Bir kimse bir milletin liderliğine soyunmuşsa ve o insanlar dünyanın efendisi Amerika’da Avrupa’da en üst düzeyde ağırlanıyorsa, devlet olma yolunda bir uğraş veriyorlarsa onların özgürlük hareketi; ister senden olsun, olmasın saygı duymak lazım. daha dün israili devlet olur olmaz dünyada ilk tanıyan bizim ülkemiz değil mi? Bu gün Çeçenya’da, Filistin’de verilen mücadeleye nasıl destek oluyor ve saygı duyuyorsak Seddam’ın zulmünden kurtulmuş bu insanların özgürlük taleplerini haklı bulmamak mümkün mü?

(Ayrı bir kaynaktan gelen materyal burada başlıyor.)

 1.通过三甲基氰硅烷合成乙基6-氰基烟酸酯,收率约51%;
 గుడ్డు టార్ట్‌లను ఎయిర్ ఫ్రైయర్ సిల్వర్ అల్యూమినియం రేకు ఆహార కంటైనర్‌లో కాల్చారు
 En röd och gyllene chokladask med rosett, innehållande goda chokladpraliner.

Milletler savaş ta olsa birbirlerini bitirmeyeceklerine göre bir birlerine saygı ve sevgi göstermek zorundadırlar. Dün karşı duruş sergilerken bu gün lojistik destek vererek istihbarat birimlerini o anlamda büyük bir başarıyla çalıştırma uğraşı vermektedirler.
Yaklaşık tarih 1900 yıllarıdır. Ermeni olup Hıristiyan dinini terk etmiş Müslümanlığı seçip ilim tahsil etmiş bir imam Atarpazarı’nda ki camide verdiği hutbede ağlamaya başlamış. Sebebini soranlara; “Elhemdullih ben Müslüman’ım.şahadet getirerek, hiç kimsenin bundan şüphesi olmasın. Lakin öldürülen insanlar benim ırkımdandır. Acısını yüreğimde hissediyorum. Benim dinim bana onlarınki onlara.” Bu ve benzeri yaşanmış örnekler insanların mutlaka kendi ırklarına ilgi ve haz duyduğu gerçeğini kimse inkâr edemez.

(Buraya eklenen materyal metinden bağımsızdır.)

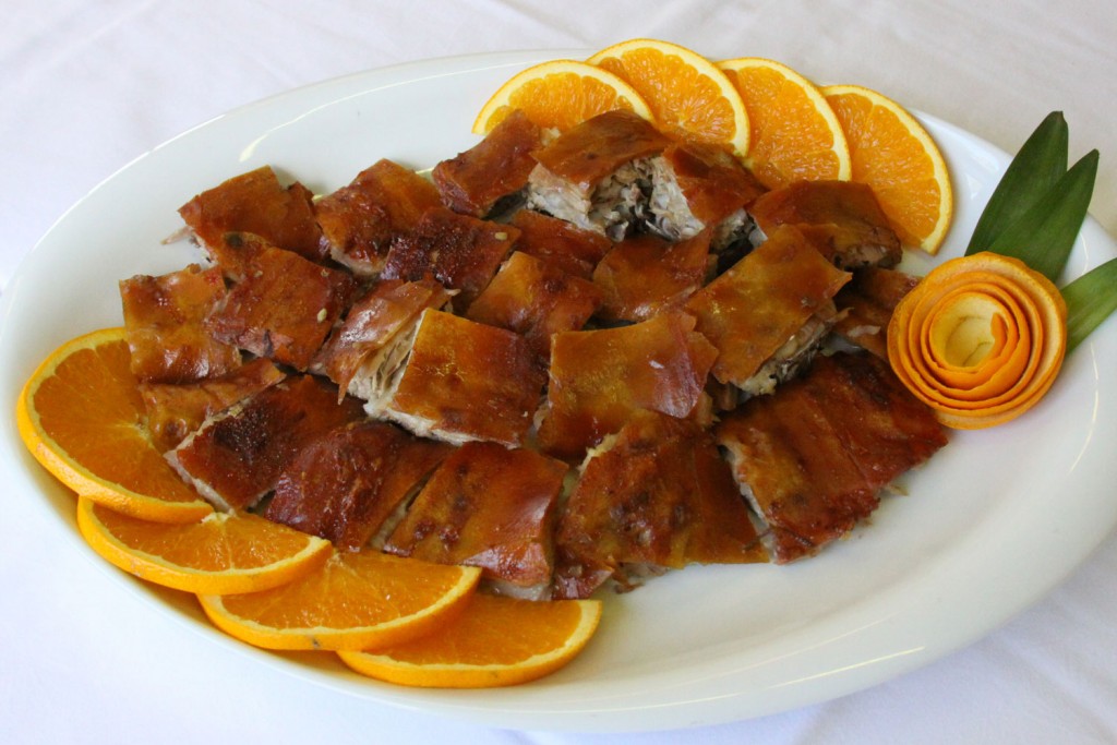 Всё, до ужина осталось 2 часа — ровно столько запекается поросёнок. Это время скоротаем за дегустацией вин, колбас, презунту (то, что соседи-испанцы называют хамоном) и сыров, байками из жизни, а также наблюдением за действиями человека, ответственного за печь. Вот Вы знаете, как жарщик поросят узнаёт, когда наступает подходящий момент для помещения вертела с тушкой в печь?… Перед подачей поросенка на стол сделаем салат из листьев салата, лука и помидоров и заправим его винным уксусом с домашним оливковым маслом. Обязательно нарежем парочку апельсинов и откупорим холодное португальское сухое игристое (выберем местное, из региона Байррада)! Именно так и подают поросёнка в регионе Байррада: салат, апельсины, острый перечно-чесночный соус, жаренная картошка или чипсы и местное шампанское. Уверена, Вы уже вспоминаете, что лежит у Вас в холодильнике и может быть уничтожено!
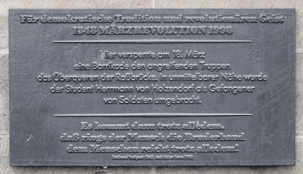 Im 19. Jahrhundert erhielt die Brücke neues Leben. Im Jahr 1835 wurde ihr Name durch königlichen Erlass bestätigt – Roßstraßenbrücke. Dies war wichtig, um die Stadtnamen zu präzisieren und auf Karten zu verzeichnen. Die Brücke wurde häufig repariert, was ihre Nutzung durch die Berliner Bevölkerung einschränkte. Im Jahr 1848 wurde das Gebiet rund um die Brücke während der Revolution von 1848–1849 zu einem Ort der Auseinandersetzungen zwischen der rebellierenden Bevölkerung und den Regierungstruppen. Am 18. März 1848 wurde hier der junge Bürger Hermann von Holtzendorff (1825–1848) getötet. Eine Gedenktafel, die am 14. März 1998 angebracht wurde, erinnert heute daran.
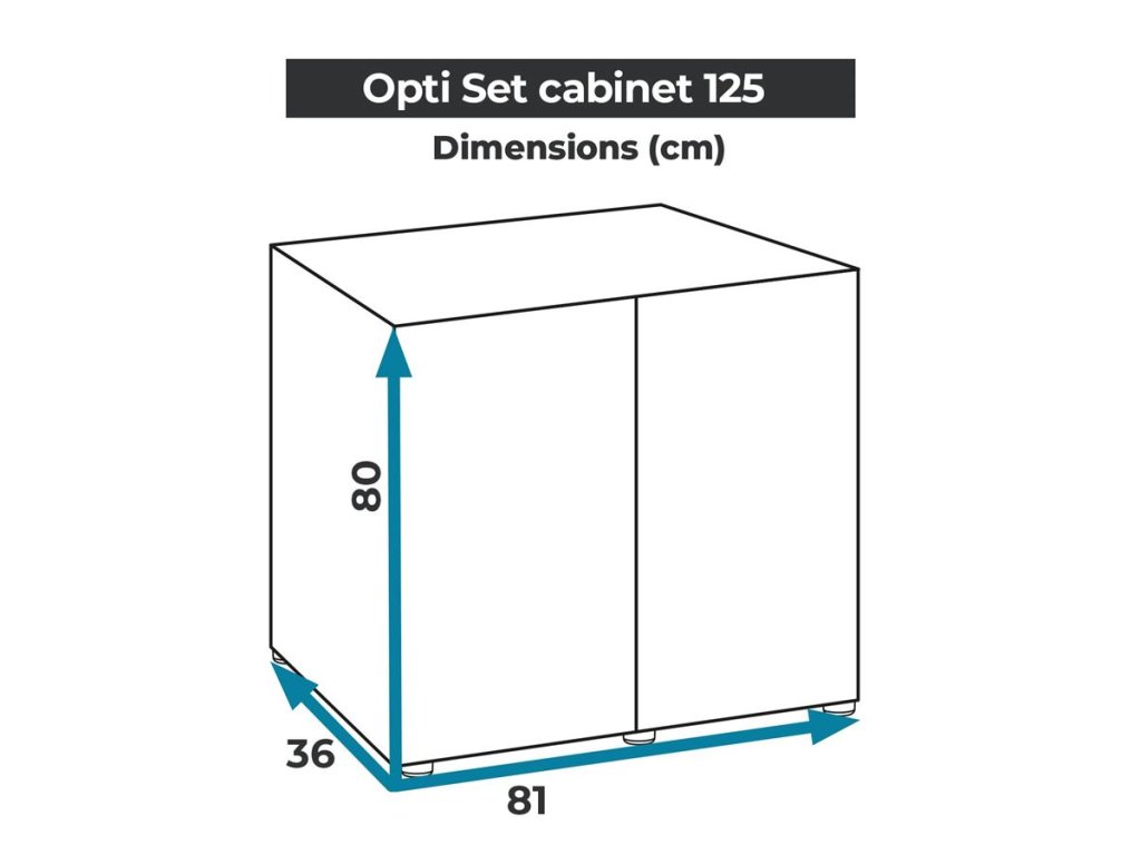 Díky minimalistickému designu a lesklému povrchu se nábytek ideálně hodí do moderních designových interiérů a dokonale ladí s akvárii z řady Opti Set, s nimiž tvoří soudržný a elegantní celek.Uložný prostor
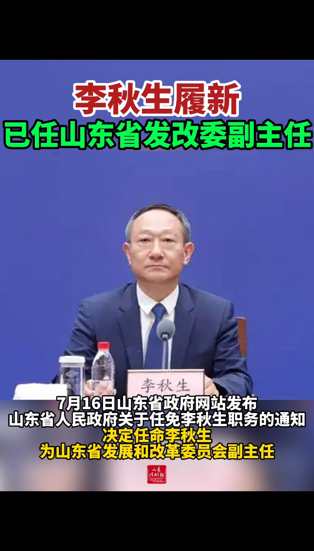 李秋生履新 已任山东省发改委副主任
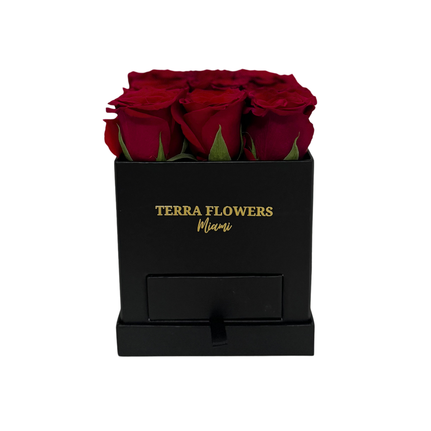 Charm your way with this petite rose box designed with fresh roses and a surprise drawer that is filled with complimentary chocolates
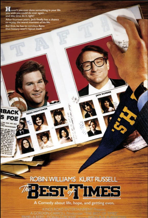 After quick search #1 of the movies credited to Cage on IMDB.com I discovered that he had first appeared in a movie I’d never heard of before called, The Best of Times. Quick search #2 told me that The Best of Times, released in 1986, starred the power-duo of Robin Williams and Kurt Russell, and quick search #3 told me I could stream this likely-not-a-gem on the Roku channel for free (albeit with those super annoying ads).

Peygamber efendimiz; “kendi milletine sahip çıkmayan insanlar cehennemliktir.” Yine bir hadisinde “aslını inkar eden haramzadedir.” Demesi insanların kendi milletine sahip çıkmasının erdemine dikkat çekmektedir. Toplumumuz dindar olduğuna göre Barzani ve Talabani’ye hatta Kürtlerin devlet oluşumuna bakan Kürtler vardır. Bu vesileyle meseleyi çarptırmadan uğraşmak lazım.